| Task directions |
Starting at the line with "パンツ レディース ボトムス" and ending at the line with "3.請將左邊列表的內置方法與右邊的註釋連線,並圈出元組可以使用的方法。", print exactly the lines of the entries below. Pictures do not belong in the copy.

| The data |

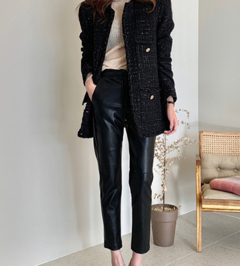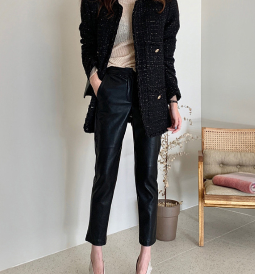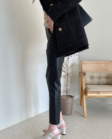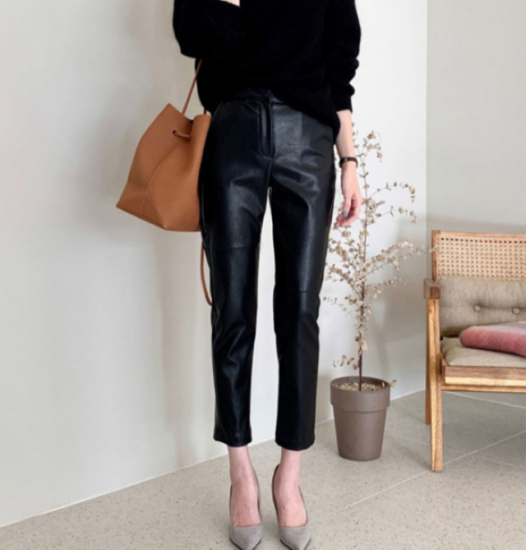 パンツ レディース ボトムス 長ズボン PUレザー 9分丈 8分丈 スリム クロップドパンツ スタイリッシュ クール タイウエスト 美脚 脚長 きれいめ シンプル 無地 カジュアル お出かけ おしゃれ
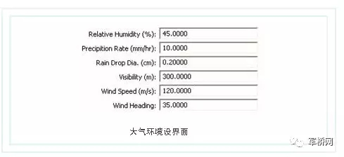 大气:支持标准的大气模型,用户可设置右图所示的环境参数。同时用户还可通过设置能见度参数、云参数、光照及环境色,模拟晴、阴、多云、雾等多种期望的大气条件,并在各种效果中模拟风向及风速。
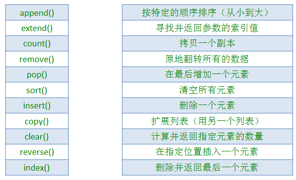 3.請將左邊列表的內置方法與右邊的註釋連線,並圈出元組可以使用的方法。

* * *

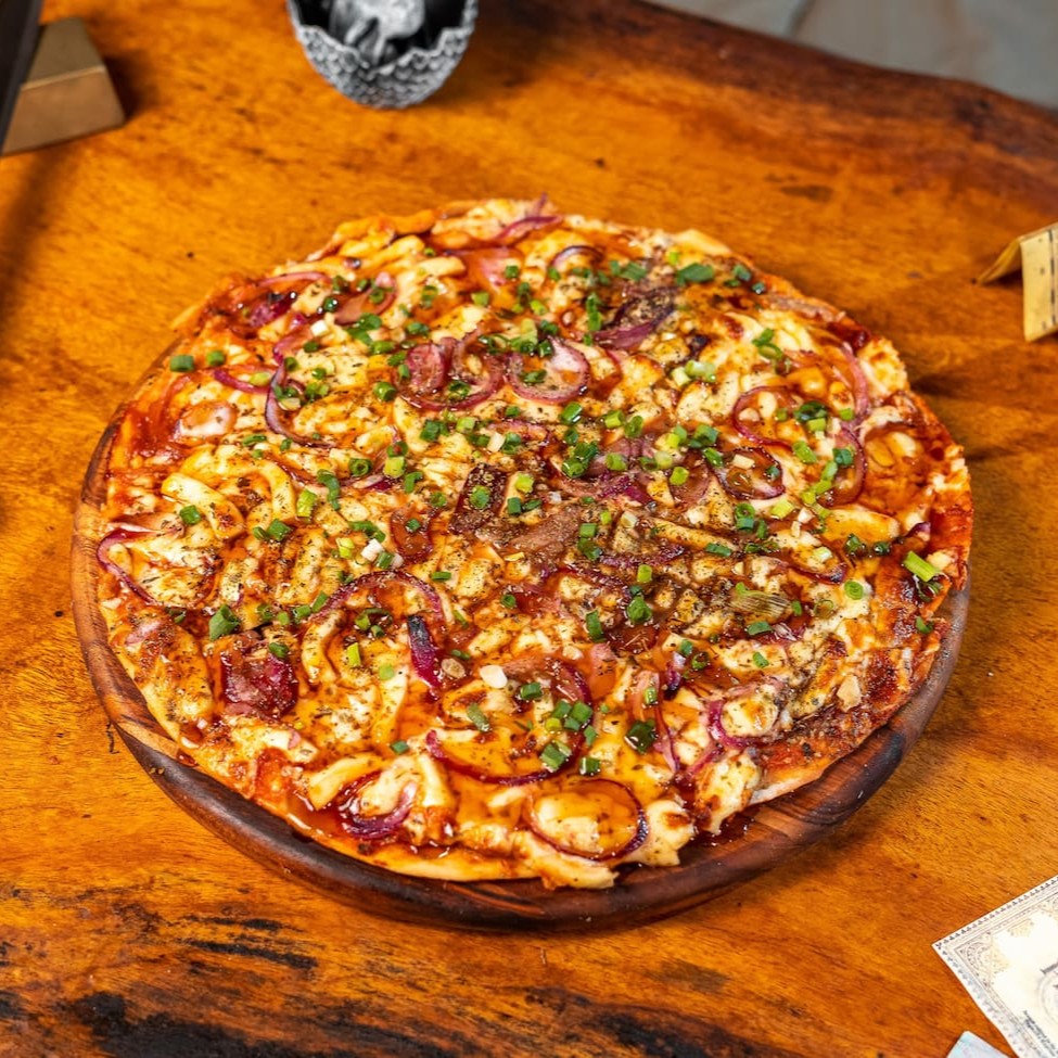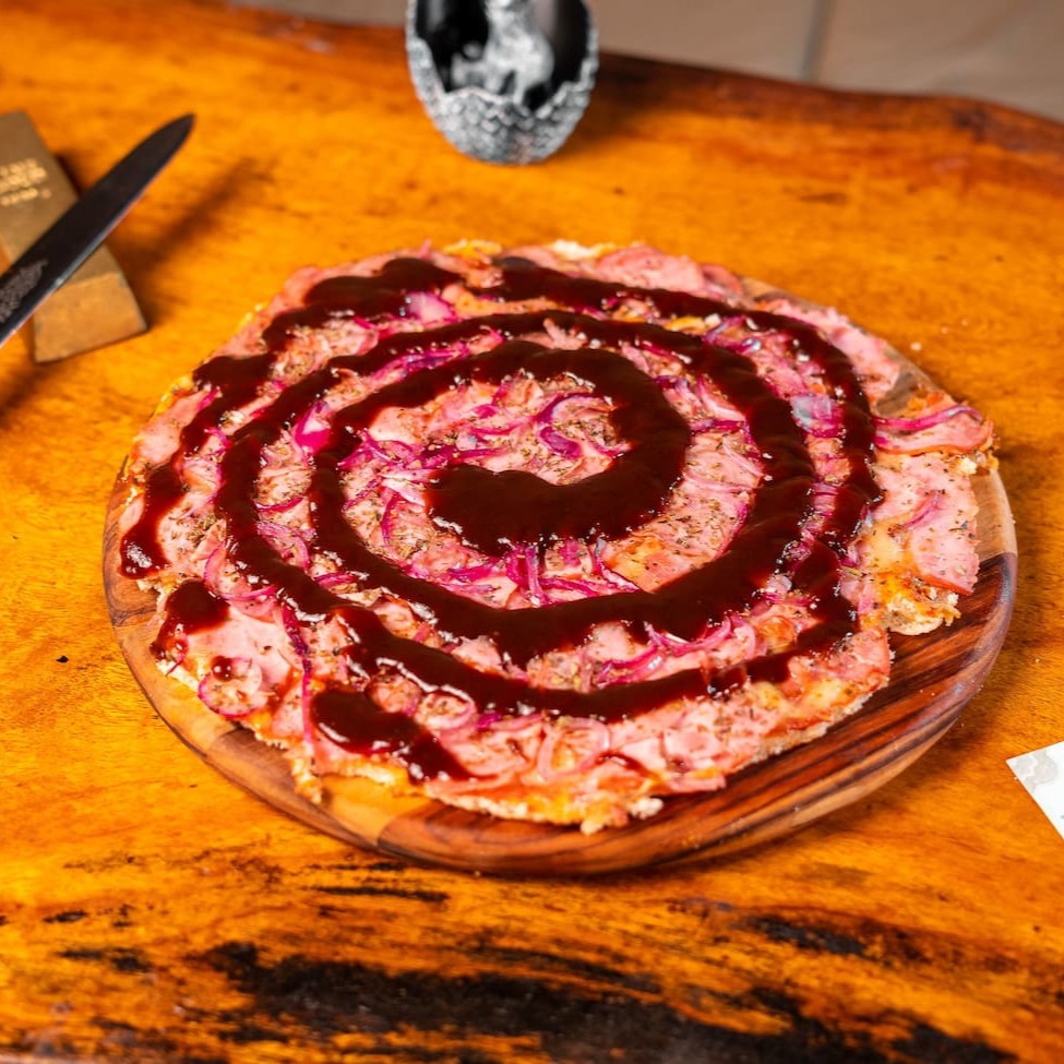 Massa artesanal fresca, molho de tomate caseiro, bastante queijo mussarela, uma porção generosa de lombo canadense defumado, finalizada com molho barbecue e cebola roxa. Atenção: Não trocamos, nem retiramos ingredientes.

| Result for this task |
 パンツ レディース ボトムス 長ズボン PUレザー 9分丈 8分丈 スリム クロップドパンツ スタイリッシュ クール タイウエスト 美脚 脚長 きれいめ シンプル 無地 カジュアル お出かけ おしゃれ
 大气:支持标准的大气模型,用户可设置右图所示的环境参数。同时用户还可通过设置能见度参数、云参数、光照及环境色,模拟晴、阴、多云、雾等多种期望的大气条件,并在各种效果中模拟风向及风速。
 3.請將左邊列表的內置方法與右邊的註釋連線,並圈出元組可以使用的方法。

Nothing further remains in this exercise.